For decades, the U.S. government has had a AAA rating.  On the scales used by the big three credit rating agencies, that is the highest credit rating that a government can get.  Moody’s scale actually uses lettering that is a little different from the other two big agencies (“Aaa” instead of  “AAA”), but you get the point. Right now, the U.S. government is closer than ever to losing its AAA rating.  The threat of a rating downgrade is going to continue to grow regardless of how the political theater that we are watching unfold in Washington D.C. plays out.   The truth is that the federal government has accumulated a debt that is so vast that it will never be paid back.  In fact, we are rapidly approaching the point when this debt will no longer be serviceable.  If the credit rating of the U.S. government is not slashed right now, it will be soon enough.  In fact, the truth is that the U.S. government is such a financial mess that it should have been done long ago.  But whenever the United States does lose its AAA rating, we could potentially see financial hell unleashed because it will also mean that there will almost certainly be a wave of credit rating downgrades from coast to coast.

As I have written about previously, government debt becomes more painfulthe higher that interest rates go.  When the big credit agencies downgrade the credit rating of a government, that is a signal to investors that they should ask for higher interest rates on debt issued by that government.

This does not always play out in practice (just look at Japan), but nations such as Greece, Portugal and Ireland sure are going through financial hell right now as they deal with reduced credit ratings and soaring interest rates.

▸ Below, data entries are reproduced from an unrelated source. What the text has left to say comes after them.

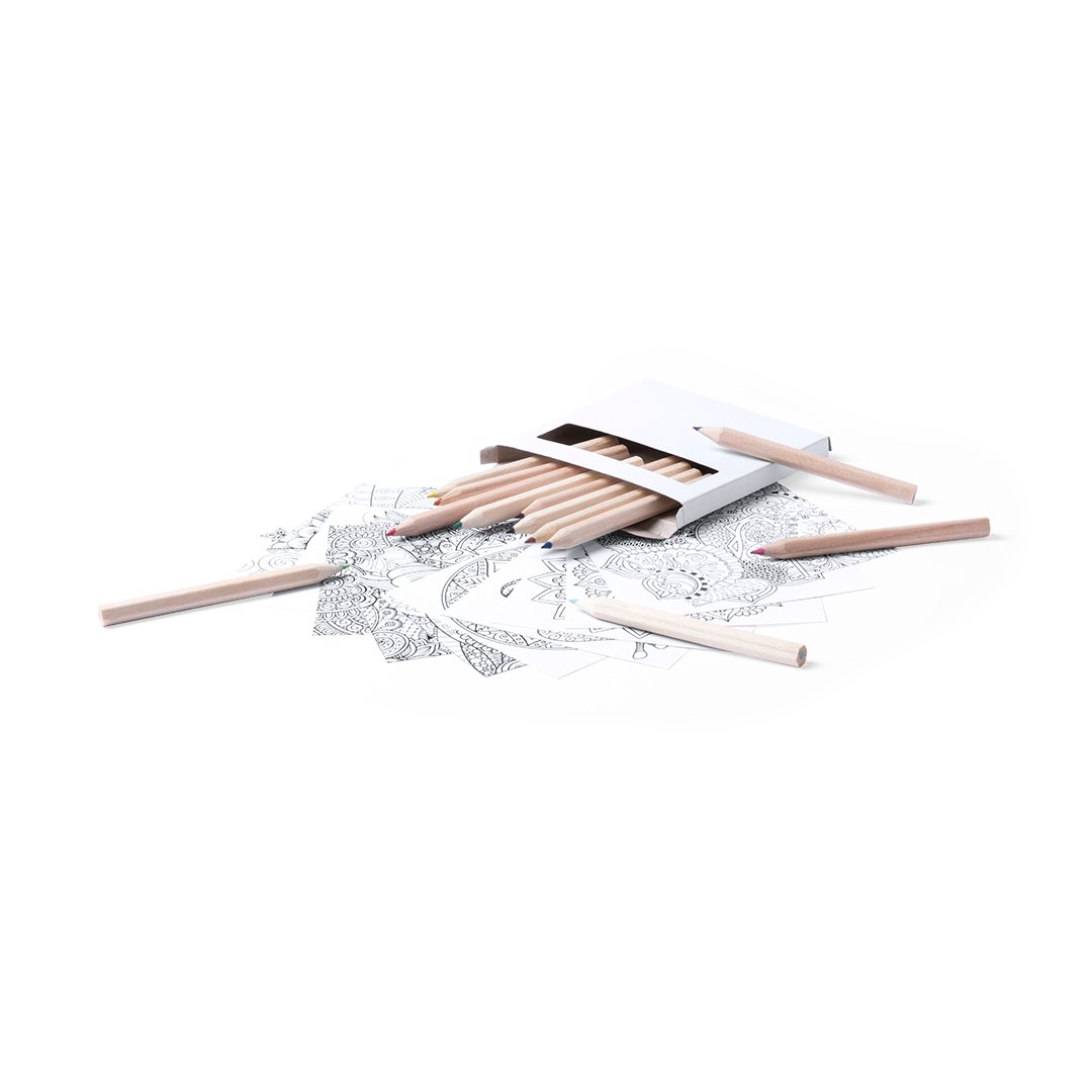 Set de lápices y láminas para colorear con diseños mandala para colorear y relajarse. Incluye 12 lápices de cuerpo hexagonal y 12 láminas con diseños diferentes. Presentado en estuche de cartón con ventana.
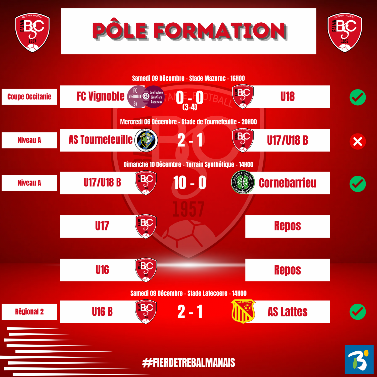 Les séniors R1 confirment sa bonne série de victoires ! ✅ La R3 perd face au leader de la poule sur une courte marge ! ❌ Les U18 s’en sortent en coupe et continuent leurs chemin ! 🏆 Les U13 à 11 et les U16 B gagnent à domicile ! 😎 2/2 pour les U10 A ! 🌟
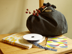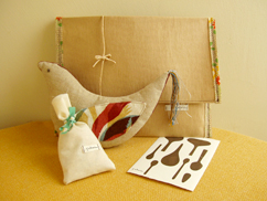 実際にロシアに訪れ、作った絵本、リボン、ポストカードをサルビアオリジナルのふろしきでバッグ型に包んだセットです。ふろしきは一枚の布なので、他の包み方を楽しむこともできます。
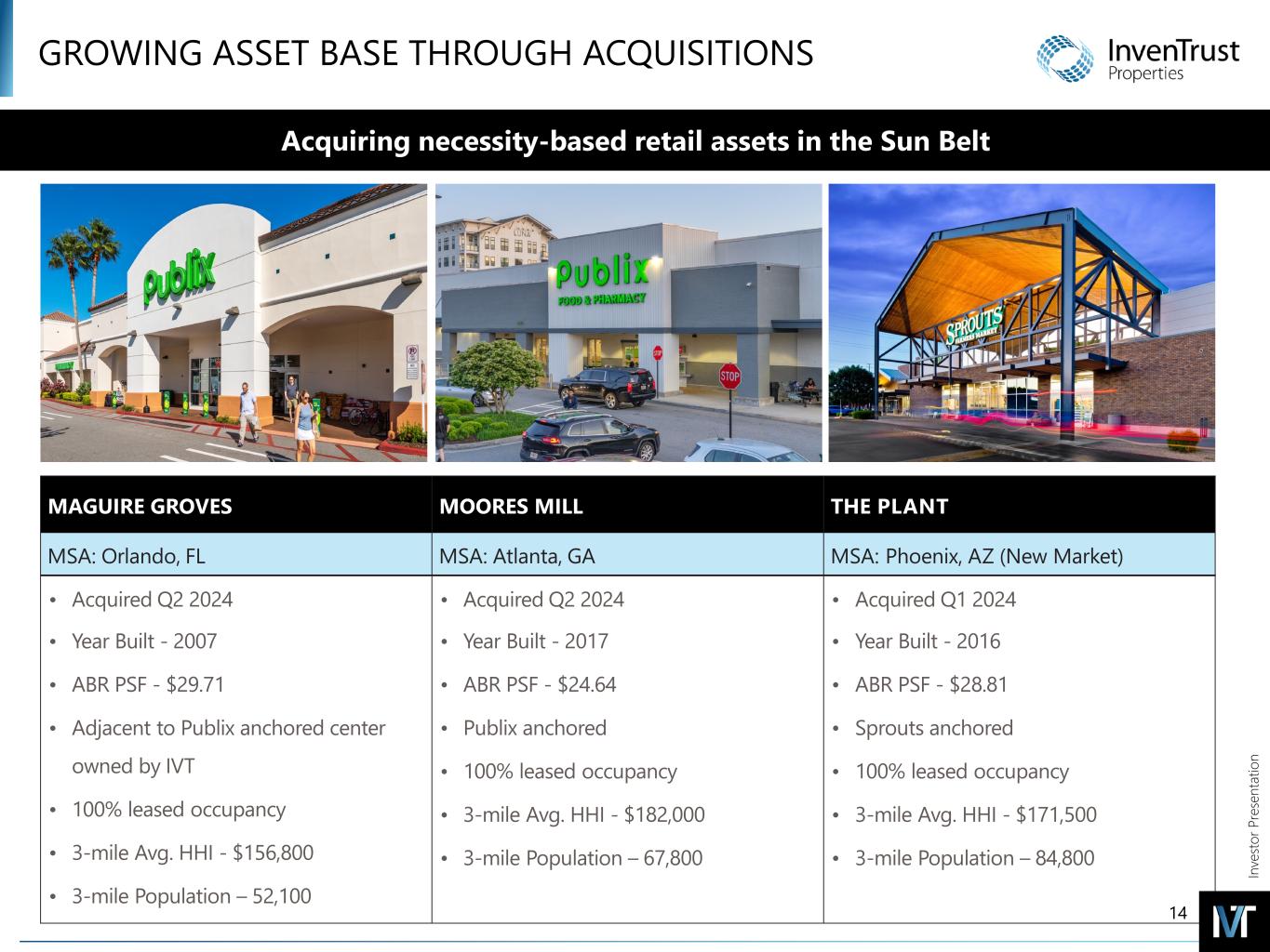 In ve sto r P re se nt at io n GROWING ASSET BASE THROUGH ACQUISITIONS Established centers with necessity-based tenants drive performance in all economic conditions Acquiring necessity-based retail assets in the Sun Belt MAGUIRE GROVES MOORES MILL THE PLANT MSA: Orlando, FL MSA: Atlanta, GA MSA: Phoenix, AZ (New Market) • Acquired Q2 2024 • Year Built - 2007 • ABR PSF - $29.71 • Adjacent to Publix anchored center owned by IVT • 100% leased occupancy • 3-mile Avg. HHI - $156,800 • 3-mile Population – 52,100 • Acquired Q2 2024 • Year Built - 2017 • ABR PSF - $24.64 • Publix anchored • 100% leased occupancy • 3-mile Avg. HHI - $182,000 • 3-mile Population – 67,800 • Acquired Q1 2024 • Year Built - 2016 • ABR PSF - $28.81 • Sprouts anchored • 100% leased occupancy • 3-mile Avg. HHI - $171,500 • 3-mile Population – 84,800 14

Right now, the U.S. government is able to borrow gigantic quantities of money at ridiculously low interest rates. This is the primary reason why the debt disaster predicted by so many in the past has not arrived yet.

If the credit rating of the U.S. government is downgraded, it could finally get investors all over the world to realize that the game is over and that they should be demanding much higher returns on debt issued by the U.S. government.  The truth, as U.S. Representative Ron Paul put it recently, is that the U.S. government is already “insolvent” and at some point we are all going to have to face reality….

“Ultimately, the fundamentals show this country is bankrupt.”

So whether or not it happens right now, the truth is that at some point the credit rating of the U.S. government is going to go down and interest rates are going to go up.

Unfortunately, it appears that this might happen sooner rather than later.

Earlier this week, Moody’s Investors Service publicly announced that it would be reviewing our Aaa bond rating for a possible downgrade.

On Thursday, S&P actually went so far as to announce that there is a “50 percent chance” that it will downgrade the credit rating of the U.S. government within the next three months.

S&P has been warning of trouble for some time now.  Back on April 18th, Standard & Poor’s altered its outlook on U.S. government debt from “stable” to “negative” and warned that a downgrade was likely at some point soon if nothing changed.

If the credit rating of the U.S. government gets slashed and if that results in higher interest costs on the national debt, that is going to make it much harder to balance the budget.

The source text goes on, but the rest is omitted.